Since your Sora account is linked to your ChatGPT account, if you are paying for ChatGPT Pro, you are a paying Sora user. (For more information, see all Payment plans.)
Storyboard, available only to professional web users, allows content creators to plan web videos before creating them. Storyboarding has long been part of the professional filmmaking process and is sometimes included in more professional programs. Google Flow AI movie making softwareFor example, comics are allowed. But this is an interesting and somewhat unexpected addition for Sora.
Read more: Here’s the quickest way to get a special code for Viral Sora 2
Sora has only been around for a short time, but the vibe of the app is focused on shorter, funny videos, reflecting OpenAI’s claim that the app is designed to help people connect with their friends. Longer, better-planned professional videos aren’t very popular, but these upcoming updates will likely change that.
This may be a sign that OpenAI hopes to attract professional creators it previously isolated. Professional creators will need storyboarding, video editing, longer runtimes and higher resolution, and OpenAI seems to be handling these quickly.

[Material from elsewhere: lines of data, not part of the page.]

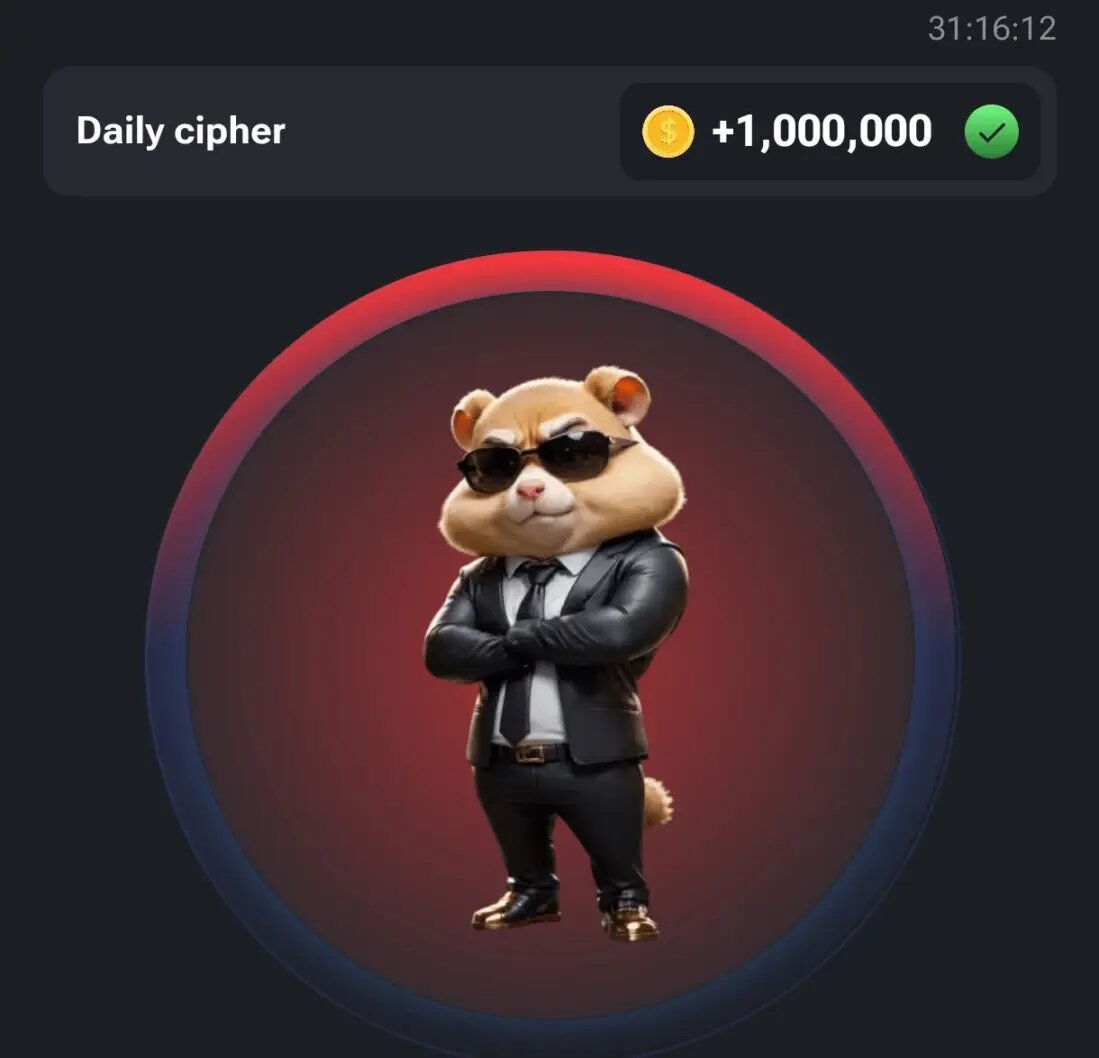 Привет, криптаны! На связи CryptoAlex. В хомяках ввели шифр морзянку, на 1 000 000 монет. Сейчас расскажу что делать! Откройте игру и быстро нажмите дважды на область, где написано "Прибыль за тап". Это сделает вашу монетку красной, а сверху появится "Ежедневный шифр". Теперь следует угадать шифр: Нажмите и удерживайте палец (несколько секунд), затем сделайте три быстрых нажатия (буква B). Подождите 3-4 секунды. Затем сделайте одно длинное нажатие (буква T). Снова подождите 3-4 секунды. Затем сделайте одно длинное нажатие, одно короткое, одно длинное, одно короткое (буква C). А чтобы точно ничего не пропустить и получать все новости в числе первых подпишись на мой Telegram-канал CryptoAlex.
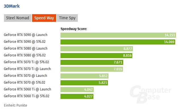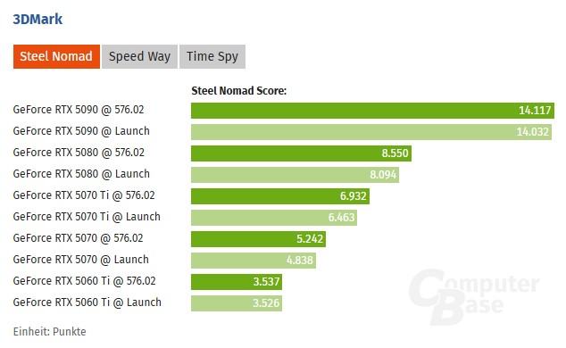 Użytkownicy społeczności ComputerBase z procesorami graficznymi RTX 5070, 5070 Ti i 5080 zgłosili wzrost wyników o trzy do ośmiu procent po aktualizacji
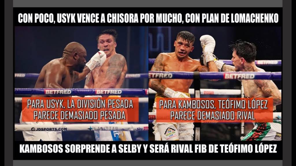 Cuando Chisora quedó sin combustible, el ucraniano empezó a trabajar para los jueces, boxeo elegante, buen cuerpeo, combinaciones atractivas y desplazamientos técnicos con lujo olímpico. Llenó el ojo y con la suma de ese prestigio cosechado en los cruceros, le alcanzó a vencer a un rival fuera de rango y que ha perdido ante todo rival de primera línea enfrentado.Usyk no parece que dará ‘pie con bola’ en los pesados, algo que lo explico en el video.
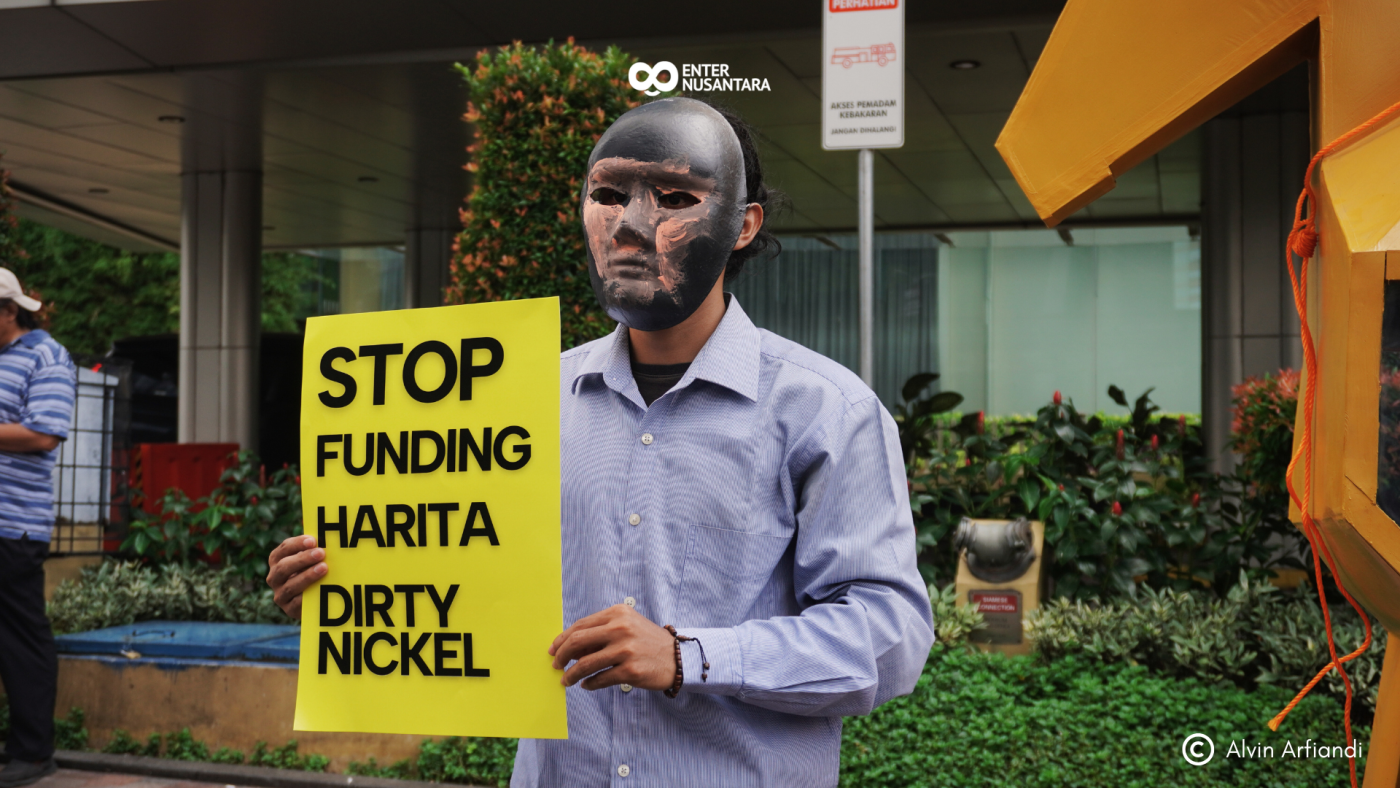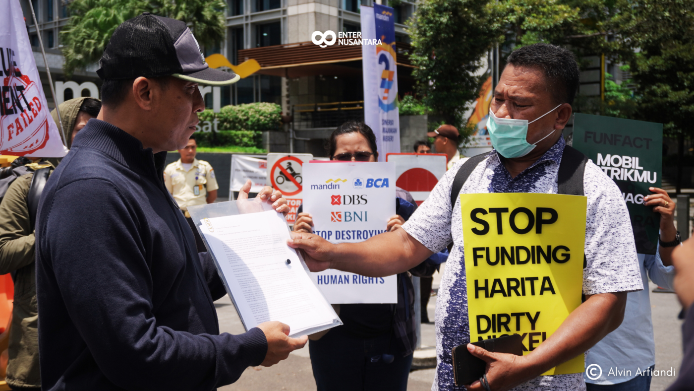 The protest specifically targeted banks that continue to fund the Harita Group’s nickel smelter project on Obi Island, North Maluku.
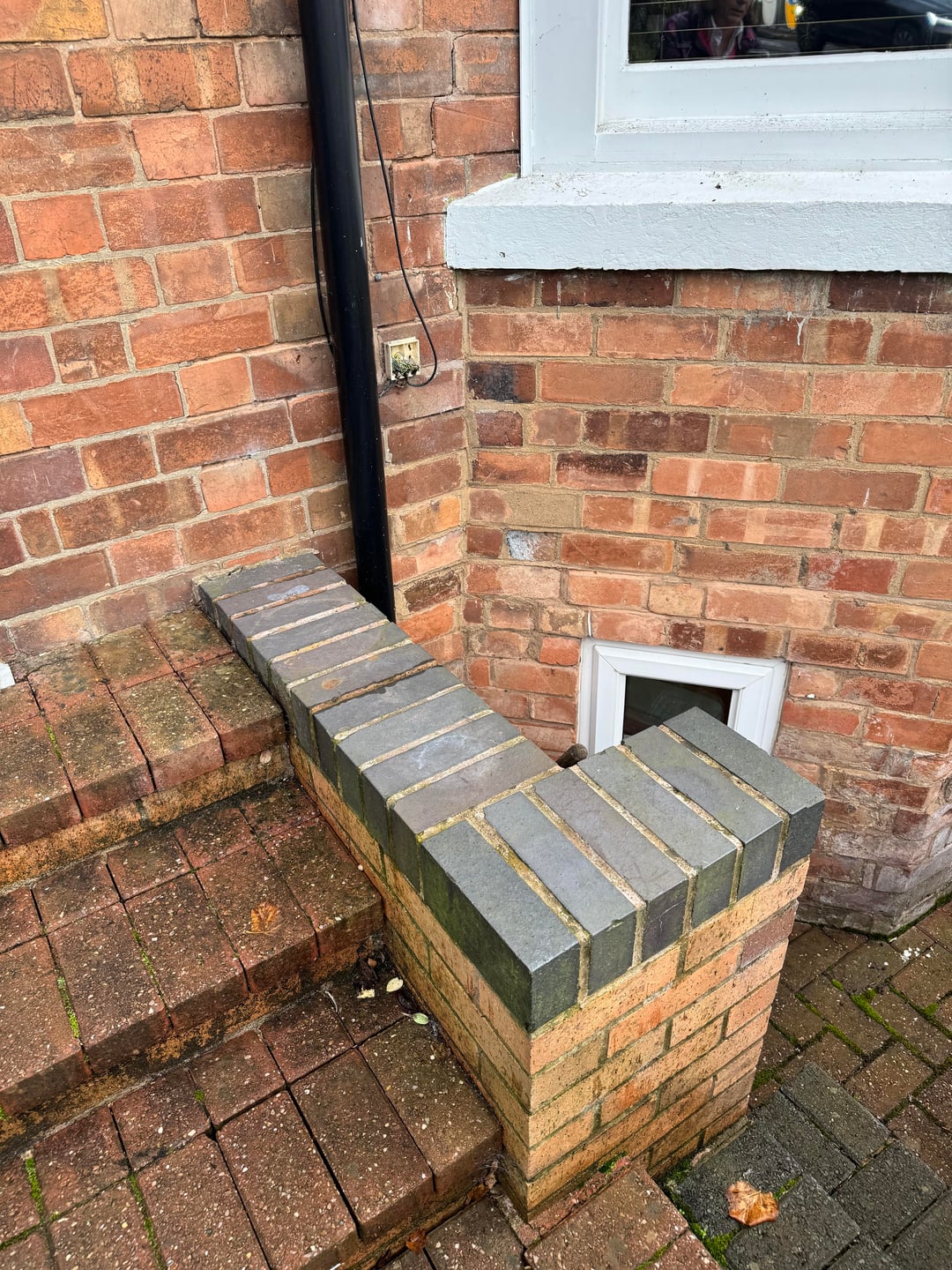 On the other side of the steps (2nd pic) I want to put a planter on the wall (screwed into the wall as the pots there got stolen as well – right in front of my video camera!). Any ideas? It's North facing, very little direct sun in winter and quite exposed to wind. The wall is about 1m long.

OpenAI has a difficult past with professional creators. Before launching Sora It is said It reached out to talent agencies and other companies, such as gaming and streaming companies, saying it would need to opt out of access to its intellectual property through Sora. This means that if Nintendo doesn’t want Sora users to be able to create AI-powered videos of Pikachu, it should tell OpenAI.
this Not how copyright law works. OpenAI changed its policies a few days after Sora’s launch and added more controls on how your photos are used. It was just the last episode in An ongoing battle Between artificial intelligence companies and innovators.
(Disclosure: Ziff Davis, CNET’s parent company, in April filed a lawsuit against OpenAI, alleging that it infringed Ziff Davis’s copyrights in training and operating its AI systems.)